I cannot give more specifics than What I am about to write as to how (it varies and is TMI), but I will risk more details in the interest of getting input from people who CAN tell me if it is concerning or not, and if I should reasonably be worried/concerned (about the behavior itself, I know no-one can tell me what H MIGHT do in certain situations). It involves immobilizing the children in a sudden and very forceful dominating manner when he gets very angry, and shouting at full volume 2-6 inches away from their faces. I have no proof, but I suspect the act of immobilizing left bruises a few times around 3 years ago at preschool, the bruises were in the right places if it was… but not since then (I did not know at the time, I noticed suspicious bruises but thought it probably happened at preschool during some sort of tantrum(s) – I had not seen him do this at this point… so I did not document this).
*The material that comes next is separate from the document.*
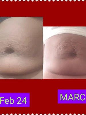 J’avais une cellulite très tenace sur l’extérieur des cuisses, et c’est là que je vois le plus grand changement. La texture de ma peau est vraiment différente, beaucoup moins ‘bosselée’.

I will start document every day. I haven’t been documenting when nothing happens, but I will need to. That is a good idea.

Affaircare:
:” Here's the truth. Even if your husband IS abusive and you divorce, the kids ARE going to be with him at least half the time. And if you go to the judge and say, "But judge he's abusive! He yelled at XX when XX refused to do his homework and he called me names" the judge is going to think YOU are the nutty spouse for trying to influence custody with a story like that. The judge does not care. Every parent occasionally yells. Every parent does things the other parent doesn't really like. That's NO REASON to give you sole custody. If you can demonstrate that you can provide for the kids better, care for them better, you were their primary care giver, and it's in their best interests...it is conceivable you make get something like a 60/40 split. 

Sooooo...here is my strong word of advice for you: if you divorce, your kids ARE going to be living half their life with their father. He can make choices you don't like, and he won't have to report to you about it. He can even be a mean jerk to them, and you can't stop him or make him change. So if you want to do anything, teach your child how to have high self-esteem, how to identify abuse, how to deal with and handle an abusive person, and how to cope....because here's a fact: he is their FATHER. He is going to be in their lives as long as he lives”

Thanks especially for this. The first paragraph is what I am afraid of. I would not say anything unless I KNEW it was concerning, exactly for that reason.

The second paragraph true, and YES. I need to figure out those things for myself, so I can teach them. At this point I have no idea how.

THANKS ESPECIALLY FOR the Guardian Ad Litem suggestion. It isn’t anywhere near there yet, (timing) but it is good to know they exist and are objective and work for what is in the best interest of the child.

Thanks all, again.


----------



## sol_lost (Jan 13, 2014)

*Re: Legal impliations emotional damage to kids, but abuse is not "reportable"*



MissFroggie said:


> Can you speak to someone working for women suffering abuse? It's Woman's Aid etc here - not sure where you are.
> 
> How old are your children?
> 
> ...




MissFroggie, wow, really? Thanks for your input on this. I really need input from “normal” people who can tell me if what I am thinking is over-reacting or of concern.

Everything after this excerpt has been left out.